Гудки- невыносимо долгие, однообразные, безразличные… И, наконец, тихое, сонное, но такое теплое, родное "алло"…


Я вдохнул поглубже, собрал остатки мыслей и чувств воедино, зачем-то закрыл глаза, и старательно выговаривая каждое слово, каждую букву, прошептал:


– Привет, мама. Это я…


Гл. 6. Первый снег.




Сижу, смотрю поверх пульта на дирижера. Приезжая знаменитость, прямиком из солнечной, винной Италии. Как звать-то его? Хоть убей, не помню. Какой-нибудь Джованни, или, например, Лоренцо – не все ли равно? Чуть ли не приплясывает на своей подставке, энергия плещет через край – то хохочет заливисто, то ругается, мол, о, мама Миа! Больше всего он напоминает мне Горьковского Данко – кажется, что вот-вот вынет из груди ослепительно пылающий комок своего сердца, и поведет вперёд, освещая дорогу вопреки всему. Однако, вести нас за собой, даже с пылающим сердцем в руках, ох как не просто, ибо на лицах моих коллег явственно проступает след сурового, нордического характера. "Италия, вино, круглогодичное солнце, загорелые, ослепительно улыбающиеся мужчины за столиками кафе, и женщины в коротких платьях, выгуливающие своих маленьких собачек, это, безусловно, хорошо,– словно говорят их взгляды исподлобья, торчащие, как дуло пулемета из амбразуры дзота,– а ты попробуй, поживи у нас, где холод собачий шесть месяцев в году, где от зарплаты до зарплаты дотягивает сильнейший, где, чтобы снарядить детей к новому учебному году, приходится брать кредит, а ко всему ещё и нужно за что-то есть, и, разумеется, пить, а так же кормить кота и заправлять машину. Поживи в наших широтах, старина, и посмотрим, так же ли ты лихо будешь доставать из груди свое сердце…"
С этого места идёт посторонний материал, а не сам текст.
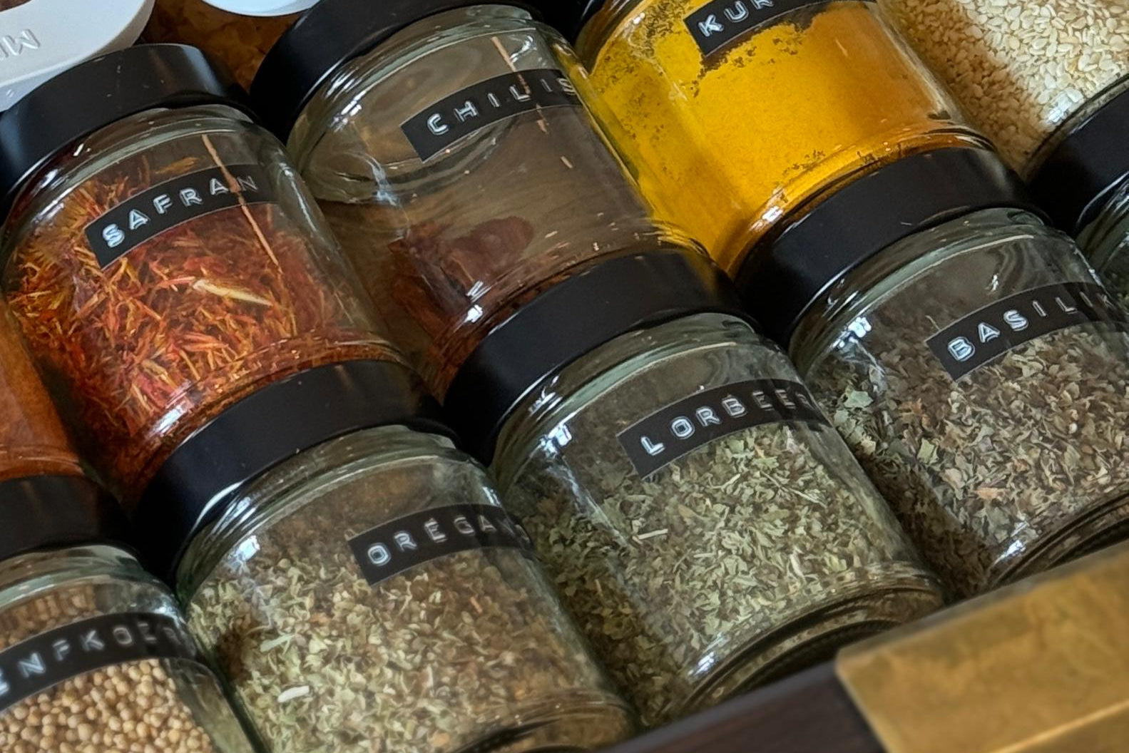 The core of the system consists of clear glass jars. The jars are made of thick, smooth – edged glass, ensuring durability. They come with black lids, likely made of plastic or rubberized material, which provide a good grip and offer an airtight seal to protect your spices from moisture and dust. Each jar has a bold black label with white text, such as “SAFRAN,” “CHILI,” “BASIL”, making it easy to quickly identify the spices inside. The jars are of a standard spice jar size, approximately 3 – 4 inches tall with a diameter of about 2 – 3 inches, and they fit perfectly within the standard drawer depth.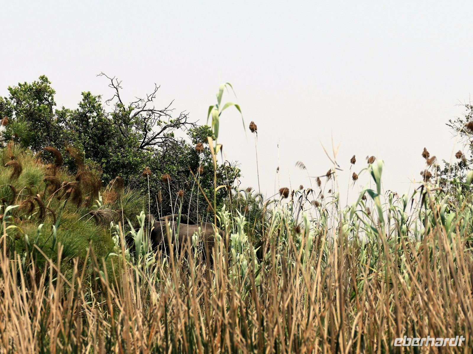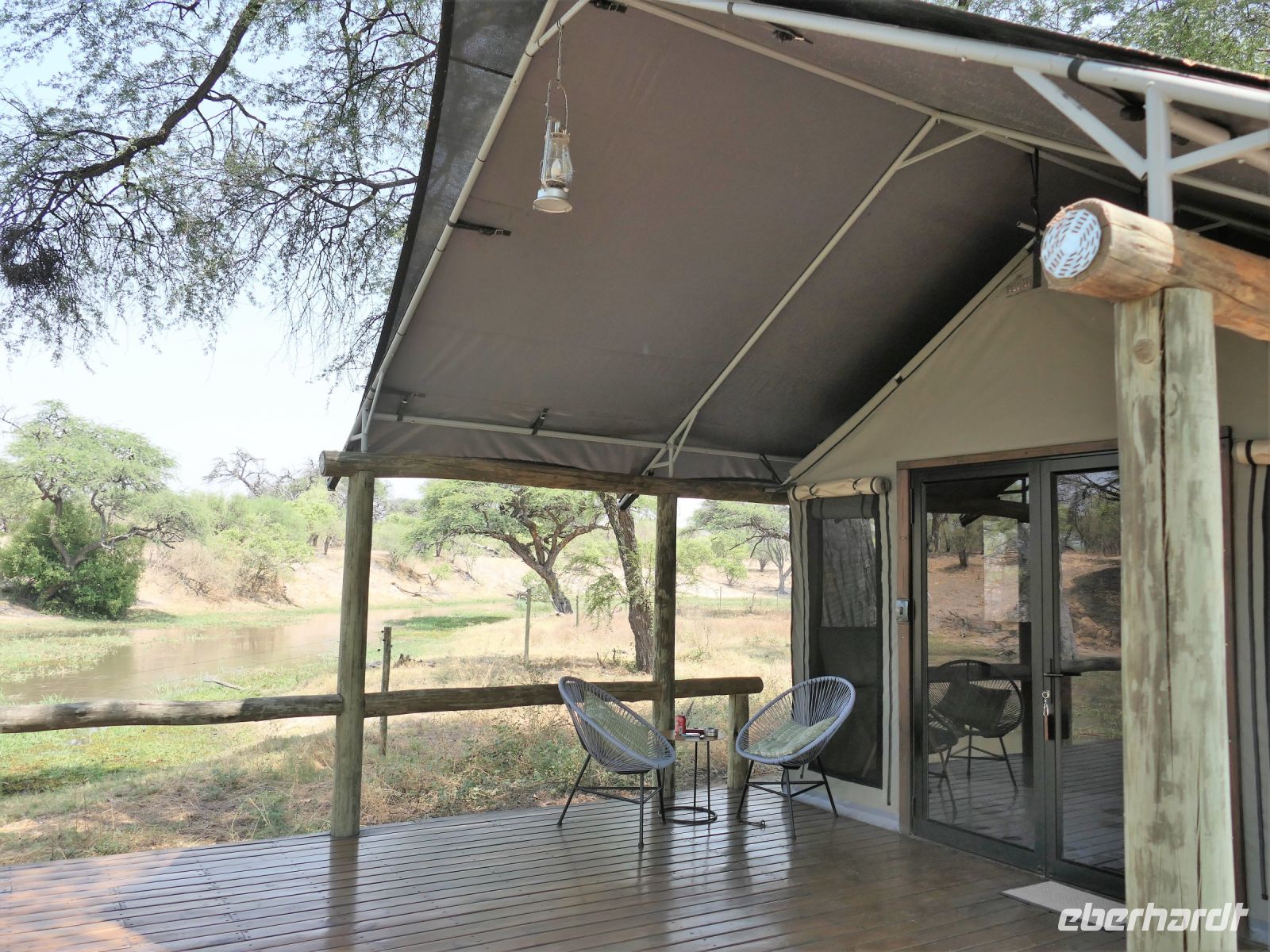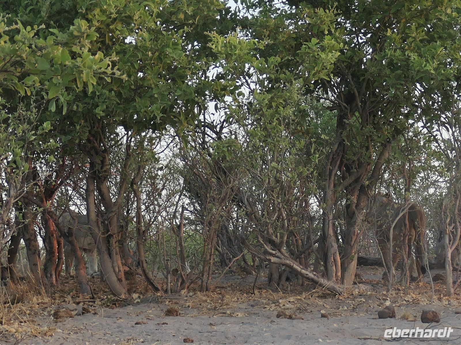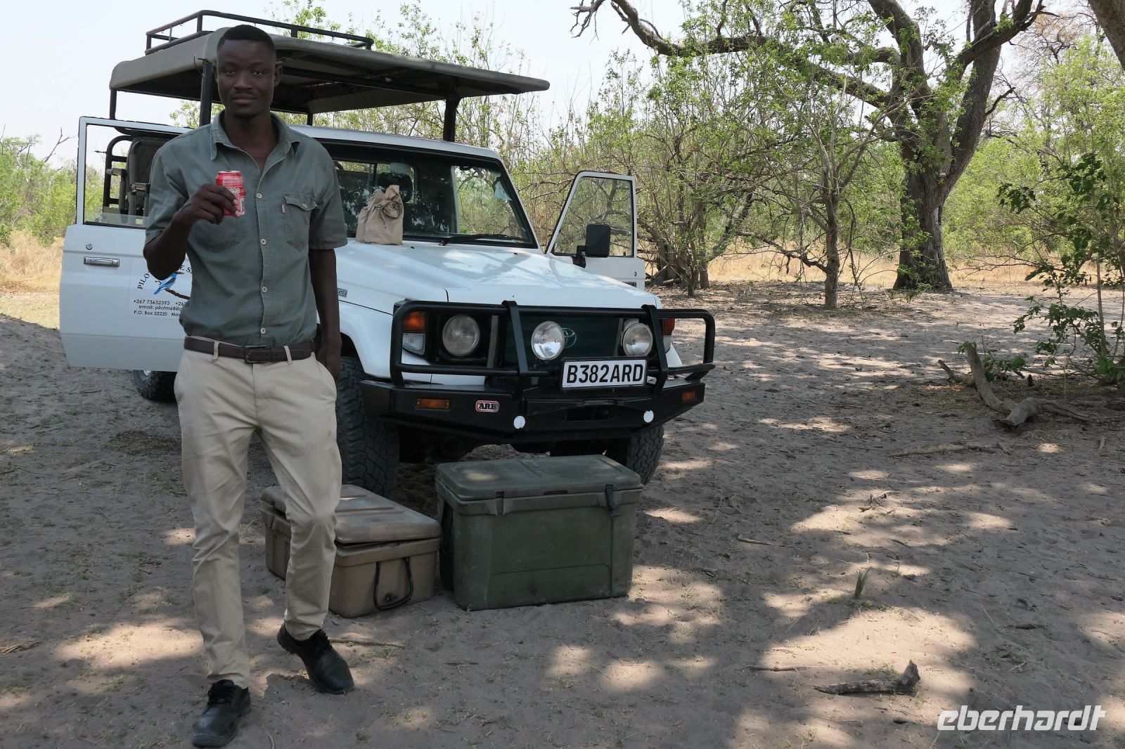 gut ausgestatteten Zeltchalets und hatten den weiteren Nachmittag hatten wir freie Zeit. Ein optionaler Mittagslunch entpuppte sich als Völlerei. Ein Gericht reichte absolut für zwei, so riesig waren die Portionen. Leider wurden Annett und Tutu erst beim Check In informiert, dass die geplante Bootstour am nächsten Nachmittag wegen dem extremen Niedrigwassers nicht stattfinden kann. Es war nicht möglich, von der Lodge zum Hauptarm des Chobes zu gelangen, der in Sichtweite der Lodge lag. Per Jeep war es nicht machbar, da der Hauptarm nur von botswanischer Seite erreichbar war und die Grenze 18 Uhr schließt. Alle hatten sich auf diese Bootsfahrt gefreut, aber Natur ist Natur. Dies kann vorkommen, aber eine rechtzeitigere Information der Lodge an uns oder unsere namibischen Partner wäre fairer gewesen, als uns vor vollendete Tatsachen zu stellen. So hätten wir die Chance gehabt, schon eher einen Alternativ-Plan zu schmieden. Tutu und Annett suchten gemeinsam nach Plan C. In Afrika muß man immer einen anderen Plan in der Tasche haben, der war auch später gefunden.

Где и при каких обстоятельствах наш Главный отыскал этого Чиполлино – одному богу известно. Да и не ясно – зачем? Скорее всего, не обошлось без корысти и известной всему миру отечественной смекалки – вы, мол, подирижируете у нас, как приглашенный, а я, стало быть, у вас. Не знаю. Слухи, конечно, ходили разные, но кто, скажите, верит оркестровым слухам? Стоит тебе уйти с работы вместе с какой-нибудь миленькой коллегой, проводить ее до остановки, или, не дай бог, выпить с ней кофе, как на следующий же день всем будет известна точная дата вашей свадьбы, и, к тому же, свадьбы по залету.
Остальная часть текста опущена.